OBJECTIVE To investigate the clinical significance of circulating hepatocyte growth factor (HGF) and the role of peripheral blood mononuclear cells (monocytes), which are a possible source of HGF, in patients with acute myocardial infarction.
DESIGN AND PATIENTS 37 patients with acute myocardial infarction and 13 normal control subjects were recruited. Peripheral venous blood samples were drawn from the infarct patients 1, 7, 14, and 21 days after onset. Monocytes were isolated from peripheral blood at those times. HGF concentrations in serum and in a culture medium of monocytes after incubation for 24 hours (monocyte HGF levels) were measured by enzyme linked immunosorbent assay.
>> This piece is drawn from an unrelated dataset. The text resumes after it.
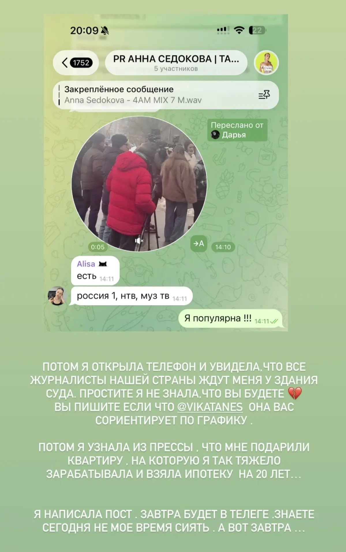 Аннушка Седокова прервала молчание и в своей фирменной сбивчивой и путанной манере дала понять: не дарил ей Янис никакие квартиры. Все заработала сама и в ипотеку.

RESULTS Serum HGF and monocyte HGF values within seven days after onset of myocardial infarction were significantly higher than those of control subjects and decreased by day 14. There were significant positive correlations between serum HGF and monocyte HGF levels on day 7; between maximum plasma creatine phosphokinase levels and serum HGF levels on day 1; between maximum plasma C reactive protein and serum HGF levels; and between maximum C reactive protein and monocyte HGF levels. Monocyte HGF levels were raised in the patients with progression of ventricular enlargement in the course of acute myocardial infarction.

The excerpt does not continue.